On Fri, May 17, 2019 at 8:55 AM Dmitry Vyukov <dvyukov@xxxxxxxxxx> wrote:
>
> On Fri, May 17, 2019 at 5:51 PM Dmitry Vyukov <dvyukov@xxxxxxxxxx> wrote:
> > > > >
> > > > > From: Dmitry Vyukov <dvyukov@xxxxxxxxxx>
> > > > > Date: Fri, May 17, 2019 at 3:26 AM
> > > > > To: Greg Kroah-Hartman, Arve HjÃnnevÃg, Todd Kjos, Martijn Coenen,
> > > > > Joel Fernandes, Christian Brauner, open list:ANDROID DRIVERS, LKML
> > > > > Cc: syzkaller
> > > > >
> > > > > > Hi,
> > > > > >
> > > > > > I have 2 questions re drivers/android/binder.c stress testing.
> > > > > >
> > > > > > 1. Are there any docs on the kernel interface? Or some examples on how
> > > > > > to use it and reference syscall sequences to make it do something
> > > > > > meaningful?
> > > > > > I hopefully figured out struct layouts and offsets of objects thing,
> > > > > > but I still can't figure out handles, pointers, nodes, pointer to
> > > > > > nodes... pointer to data (?), references, cookies and where does one
> > > > > > get valid values for these.
> > > > >
> > > > > The kernel interface is not well documented since it isn't intended to
> > > > > be used apart from libbinder.
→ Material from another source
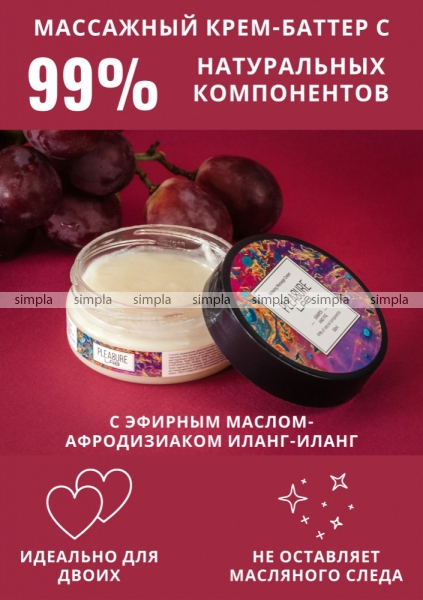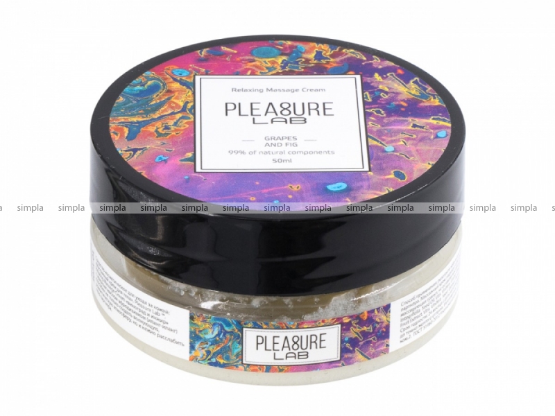 Pleasure Lab Relaxing с ароматом винограда и инжира, а также эфирным маслом-афродизиаком иланг-иланг способен не только создать волнующую, романтическую атмосферу, но и нежно расслабить тело партнера. Способ применения: разотрите небольшое количество крема в ладонях и медленно начните продвигаться массирующими движениями от ступней к спине и плечам партнера. Массажный крем подходит для самомассажа, а также выравнивает и увлажняет рельеф кожного покрова за счет специальных активных ингредиентов и массирующих гранул, не оставляя маслянистой пленки. Состав: масло ши (карите), масло кокосовое, масло оливковое, масло макадамии, масло виноградных косточек, парфюмерная композиция, масло семян инжира, эфирное масло иланг-иланг, СК-СО2 экстракты (розмарин, малина , яблоко ,виноград, гранат, калина), натуральный антиоксидант (токоферол (смесь), бета-ситостерол, сквален), витамин Е.

The best example for your purposes is
> > > > > probably the binderDriverInterfaceTest which you can find at
> > > > > https://android.googlesource.com/platform/frameworks/native/+/refs/heads/master/libs/binder/tests/binderDriverInterfaceTest.cpp.
> > > > >
> > > > > The libbinder source is at
> > > > > https://android.googlesource.com/platform/frameworks/native/+/refs/heads/master/libs/binder.
> > > > >
> > > > > >
> > > > > > 2. In my tests any transaction breaks binder device until the next reboot.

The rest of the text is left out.